Eliminate unnecessary clearing of a page's dirty mask. Instead, assert
that the page's dirty mask is clear.


191439 23-Apr-2009 kib

Do not call vm_page_lookup() from the ddb routine, namely from "show
vmopag" implementation. The vm_page_lookup() code modifies splay tree
of the object pages, and asserts that object lock is taken. First issue
could cause kernel data corruption, and second one instantly panics the
INVARIANTS-enabled kernel.

Take the advantage of the fact that object->memq is ordered by page index,
and iterate over memq to calculate the runs.

While there, make the code slightly more style-compliant by moving
variables declarations to the right place.

Discussed with: jhb, alc
Reviewed by: alc
MFC after: 2 weeks


191277 19-Apr-2009 kib

In both pageout oom handler and vm_daemon, acquire the reference to
the vmspace of the examined process instead of directly accessing its
vmspace, that may change. Also, as an optimization, check for P_INEXEC
flag before examining the process.

Reported and tested by: pho (previous version)
Reviewed by: alc
MFC after: 3 week


191263 19-Apr-2009 alc

Calling pmap_clear_modify() after calling pmap_remove_write() is pointless.
The latter function already clears the modified status from each of the
page's mappings.


191256 19-Apr-2009 alc

Allow valid pages to be mapped for read access when they have a non-zero
busy count.

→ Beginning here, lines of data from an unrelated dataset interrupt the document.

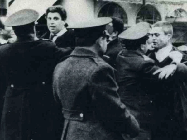 Μέσα σε ελάχιστο χρόνο ξεσπούν άγριες συμπλοκές μεταξύ αστυνομικών και διαδηλωτών. Οι συγκρούσεις είναι σώμα με σώμα. Ανάμεσα στους διαδηλωτές που συγκρούονται με τους αστυνομικούς είναι και ο βουλευτής της ΕΔΑ και πρόεδρος της νεολαίας «Λαμπράκη», Μίκης Θεοδωράκης ο οποίος χτυπιέται βάναυσα. Ξύλο, τραυματισμοί και συλλήψεις σημαδεύουν τους εορτασμούς εκείνης της ημέρας με την κυβέρνηση να κάνει λόγο για «οχλοκρατική συγκέντρωση» και να δικαιολογεί την αστυνομική βία και την αντιπολίτευση να καλεί τον λαό σε αντίσταση.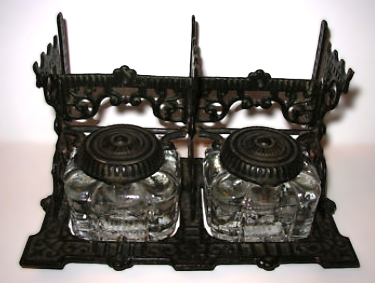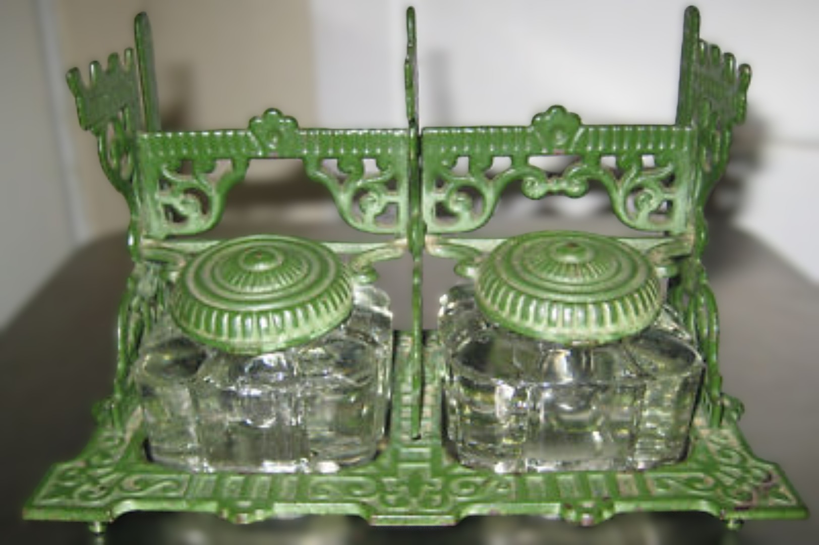 In the 1890s, these sets were sold through major stationery wholesalers like the Tower Manufacturing Co. or the American News Company. These inkstands came with different finishes: black enamel; green enamel; brass plated. They were also sold as “double” and “single” inkstands.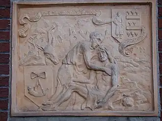 Doorsneden door een dwarsbalk van keel, beladen met een horizontaal geplaatste rozentak van zilver: I Gedeeld: a in azuur een hoorn van goud, beslagen en gesnoerd van keel, waaruit een kinderborstbeeld van natuurlijke kleur komt; b in keel een kogge van goud, varende op een zee, golvend gedwarsbalkt van zilver en azuur van zes stukken; II een krukkenvair van zilver en sabel. Het schild gedekt met een gouden kroon van drie bladeren en twee parels.[1]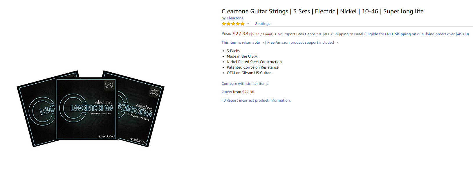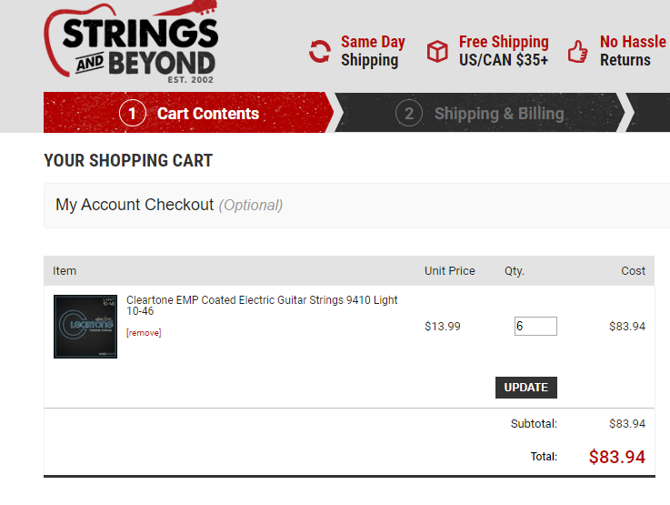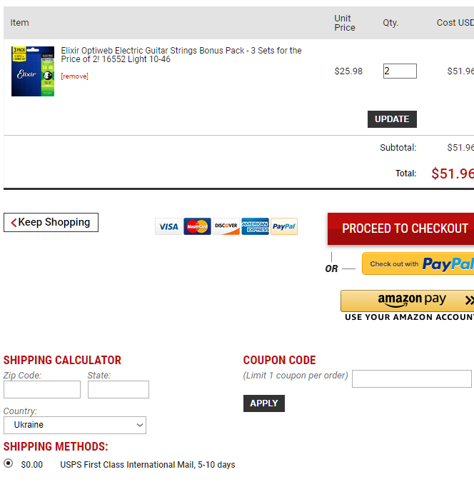 (нажмите чтобы показать/спрятать)вот например я могу купить на амазоне струны если цена заказа больше 49 баксов... то доставка FREE... и добавил:это получается дешевле чем на stringsandbeyond.com ? ... и добавил:значительно дороже (без доставки даже)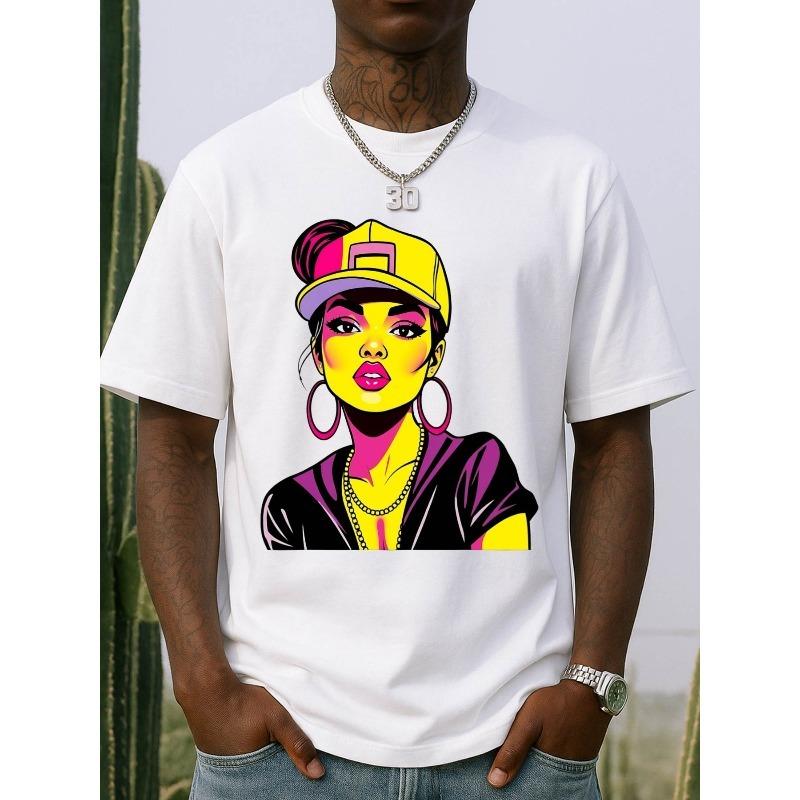 European Sizes Men'S Graffiti Graphic T-Shirt - White with Black & Yellow Urban Streetwear Design, Round Neck Short Sleeve Casual Tee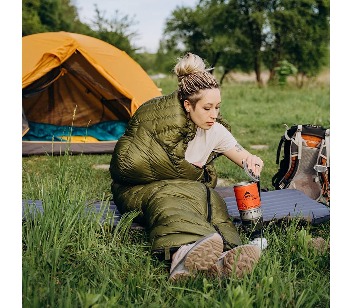 Утеплювач – український гусячий пух 800 Fill Power. Він легший за будь-який синтетичний аналог, добре зберігає тепло та відмінно компресується, завдяки чому спальник займає мінімум місця у рюкзаку. Водовідштовхуюче просочення пуху і тканини робить спальник більш стійким до вологих умов міжсезоння.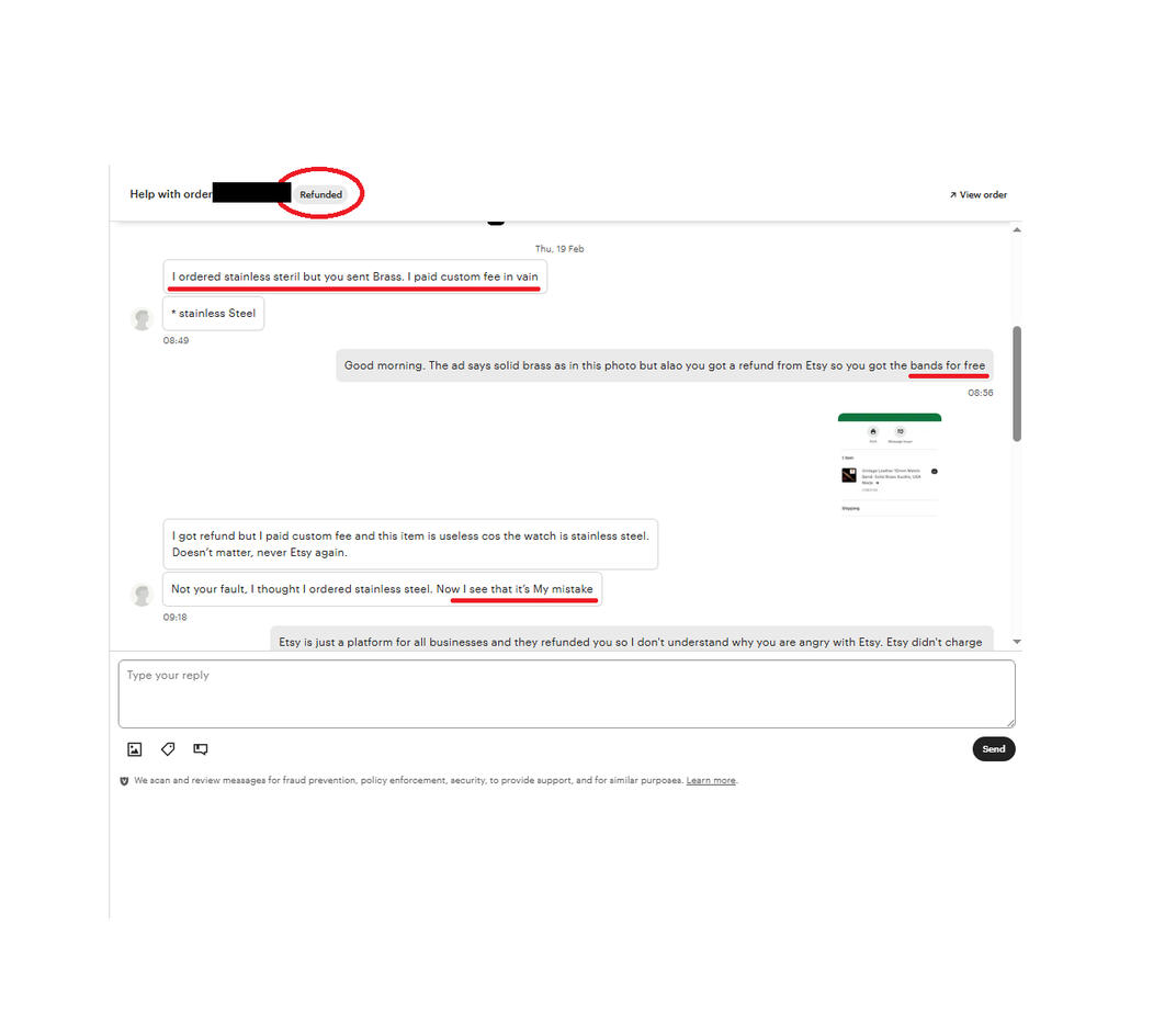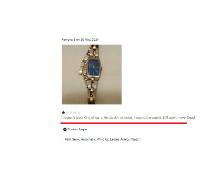 Theft by Refund Abuse-This fraudster was not successful because I thwarted her plan to rob Etsy by sending her a prepaid return label for full refund after she started her plot with a fake bad review. She tries to photograph the watch in dark light to validate her "rusty" claim but I polished that watch so much, it was impossible to lie about that !

Only mappings that allow write access should be prevented by
a non-zero busy count.

(The prohibition on mapping pages for read access when they have a non-
zero busy count originated in revision 1.202 of i386/i386/pmap.c when
this code was a part of the pmap.)

Reviewed by: tegge


190949 11-Apr-2009 alc

Remove execute permission from the memory allocated by sbrk().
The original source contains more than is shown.